Find the height of binary tree.

Given a binary tree, find its height.
Algorithm

Height of the binary tree can be easily calculated using recursion.

Height of tree= Maximum (Height of left subtree +Height of right subtree)  + 1 ( For the node itself ).

Now the left and right subtree height can be calculated with the help of recursion.

Example

Height of binary tree is the number of edges between’s tree root and its farthest leaf. A tree containing a single node has height 0.

Consider the tree:

For this tree, height is 3. It is obtained with the help of recursion. Each subtree gives its height  and at last we get the height  of  the complete tree. It is explained as:

  1. height(50) is called initially. It calls height(25) and height(75)
  2. height(25) calls height(12) and height(37)
  3. height(12) returns 0 and height(37) calls height(30) (returns 0) and height(40) (returns 0).
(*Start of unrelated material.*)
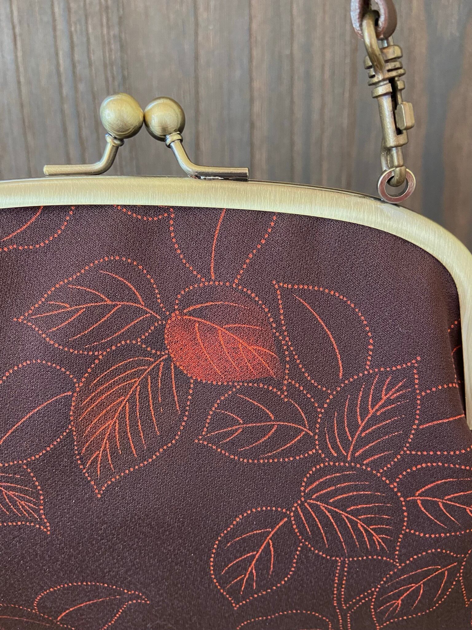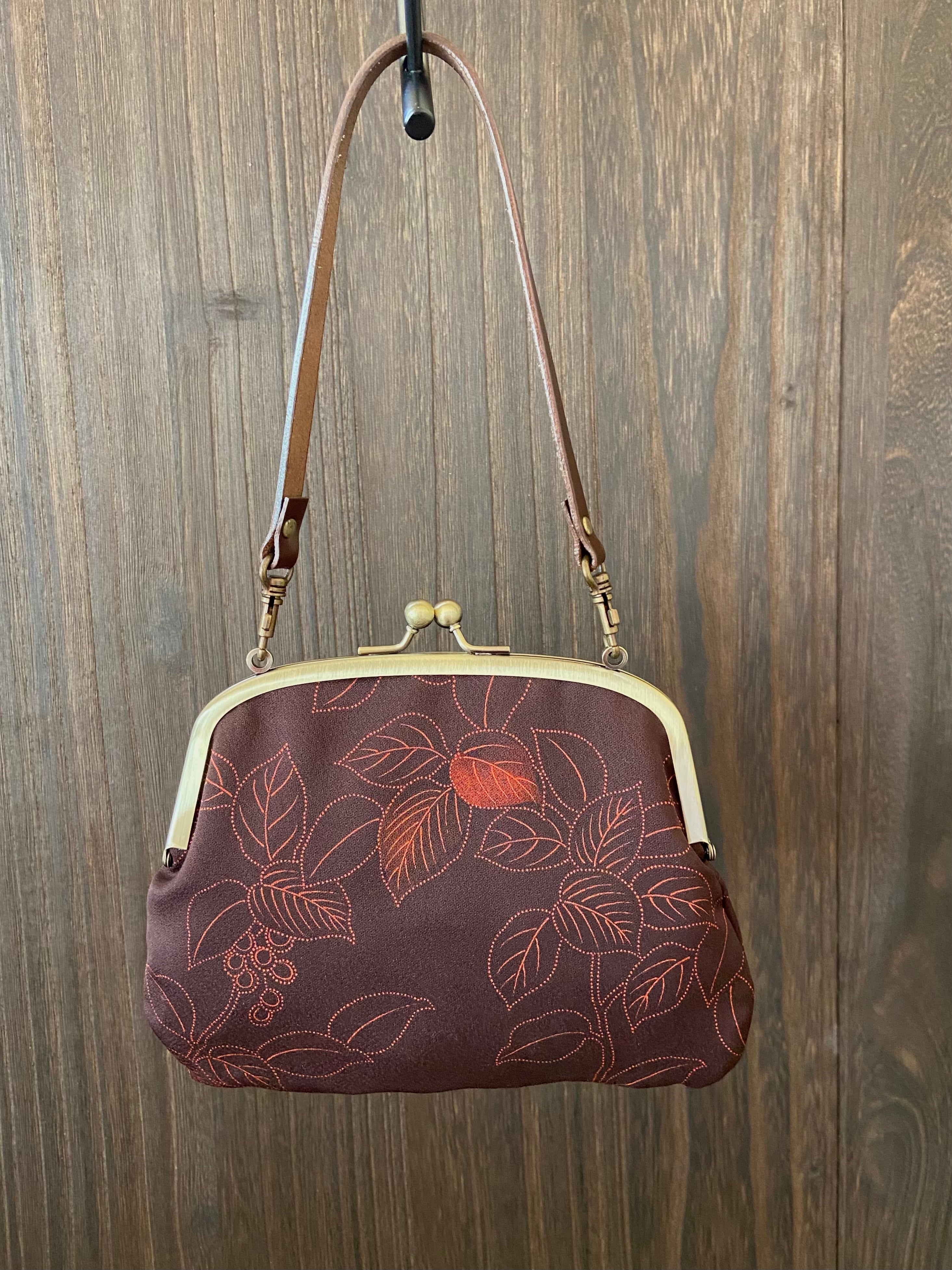 葡萄茶の地に繊細な点描で木ノ実が描かれているバッグです。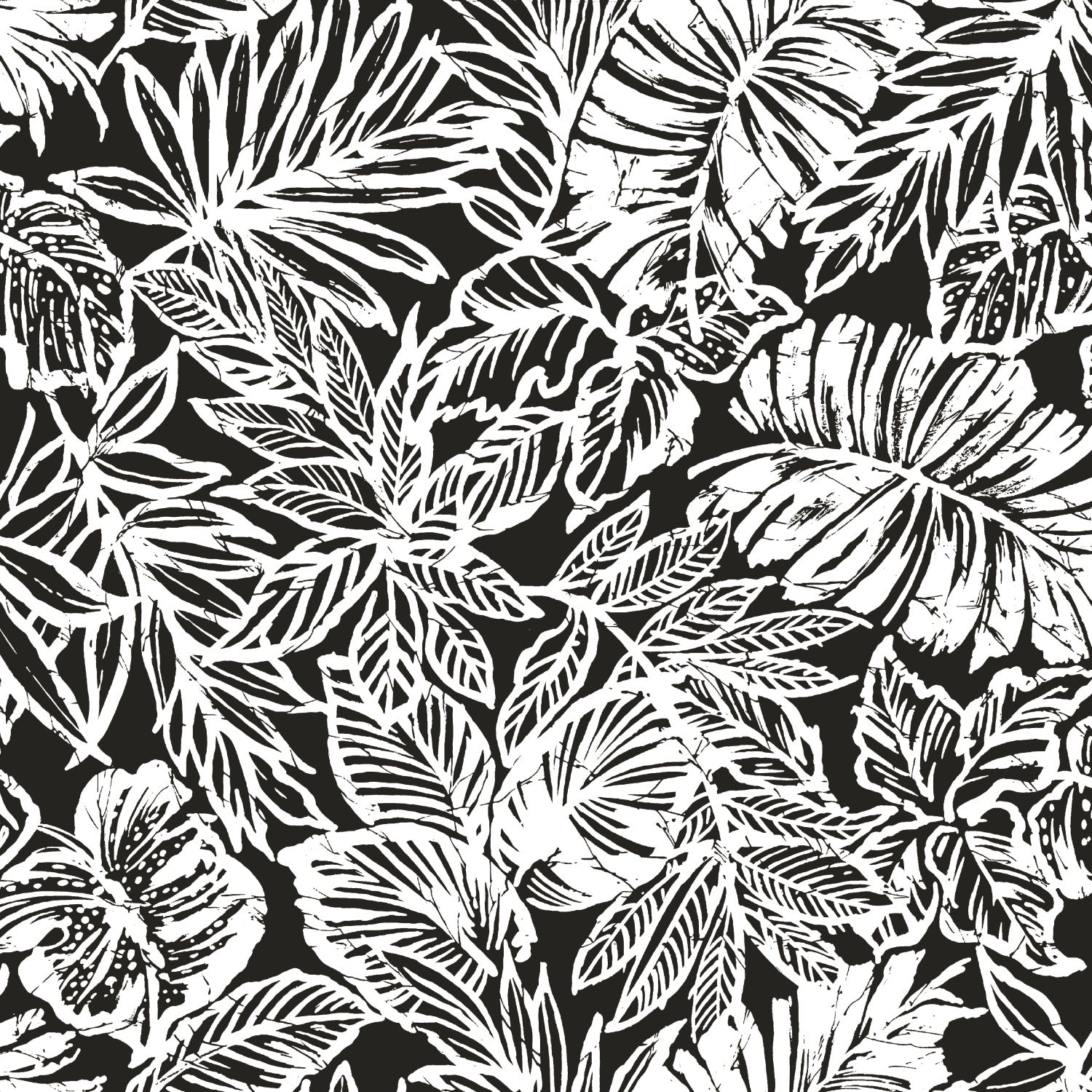 York Wallcoverings RoomMates Batik Tropical Leaf Black Peel and Stick Wallpaper Tropical Botanical Blacks Wallpaper - RMK11439WP

So height(37) returns max (0,0) + 1 i.e 1
  4. Now height(25) returns max(0,1) + 1 i.e.2. This is height of left subtree of 50
  5. In the similar way, we get height of right subtree of 50. The max would be 2.
  6. Now height of the tree would be-  max ( left subtree height i.e. 2 , right subtree height i.e. 2 ) + 1(for the node itself) = 3
  7. Hence height of the tree is 3.

It is explained as follows:

 

 

Code

[code language=”css”]

import java.util.*;

public class test {

// Binary tree class
public static class BinaryTree {
// Node class
public class Node {

int data;
Node left;
Node right;

public Node(int data) {
this.data = data;
this.left = null;
this.right = null;
}

}

private Node root;

public BinaryTree(int[] pre, int[] post) {
this.root = this.construct(pre, 0, pre.length – 1, post, 0, post.length – 1);

}

private Node construct(int[] pre, int presi, int preei, int[] post, int postsi, int postei) {

// this case occurs when a node has only one child
if (presi > preei) {
return null;
}

Node node = new Node(pre[presi]);
node.left = null;
node.right = null;

if (presi == preei) {
return node;
}

//Searching pre[presi + 1] in postorder array
int pos = -1;
for (int i = postsi; i <= postei; i++) {
if (post[i] == pre[presi + 1]) {
pos = i;
break;
}
}

//Number of elements in left subtree
int clc = pos – postsi + 1;

//Left subtree
node.left = this.construct(pre, presi + 1, presi + clc, post, postsi, pos);

//Right subtree
node.right = this.construct(pre, presi + clc + 1, preei, post, pos + 1, postei – 1);

return node;

}

public int height() {
return this.height(this.root);
}

//Function to find height of binary tree
private int height(Node node) {

//Base case
if (node == null) {
return -1;
}

//Calculate height of left subtree
int lht = this.height(node.left);

//Calculate height of right subtree
int rht = this.height(node.right);

//Height of the tree is max of left and right subtree height + 1 (for the node itself)
int rv = Math.max(lht, rht) + 1;
return rv;
}
}

public static void main(String[] args) throws Exception {

// Construct binary tree

int[] pre = { 50, 25, 12, 37, 30, 40, 75, 62, 60, 70, 87 };
int[] post = { 12, 30, 40, 37, 25, 60, 70, 62, 87, 75, 50 };

BinaryTree bt = new BinaryTree(pre, post);
System.out.println(bt.height());

}

}

[/code]

Time Complexity

As we are traversing each node of tree exactly once, so the time complexity is O(n).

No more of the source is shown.